§ **DATA BELOW**

_ _ _

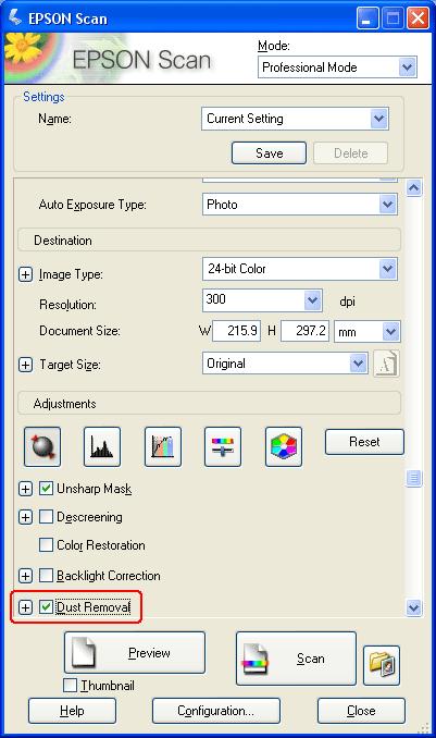 Pölyjälkien poistaminenEpson Scanin Dust Removal (Pölyn poisto)-toiminnon avulla voit “puhdistaa” alkuperäisistä pölyjäljet skannauksen aikana.
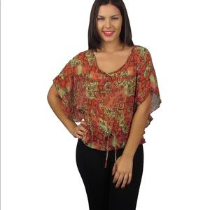 Beautiful colorful print top with drawstring waist. Color pink/green 100% Polyester
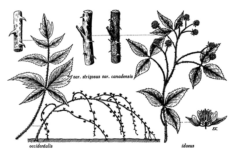Rubus : R. occidentalis, schéma de la plante entière à la feuillaison, feuille, portion de la tige ; R. idaeus, rameau fructifère, fleur, portions de tiges des deux variétés.

_ _ _

§ **DIRECTIONS FOR THIS TASK**
Please reproduce the listing exactly, leaving out any pictures.

§ **ANSWER SPACE**
 Pölyjälkien poistaminenEpson Scanin Dust Removal (Pölyn poisto)-toiminnon avulla voit “puhdistaa” alkuperäisistä pölyjäljet skannauksen aikana.
 Beautiful colorful print top with drawstring waist. Color pink/green 100% Polyester
Rubus : R. occidentalis, schéma de la plante entière à la feuillaison, feuille, portion de la tige ; R. idaeus, rameau fructifère, fleur, portions de tiges des deux variétés.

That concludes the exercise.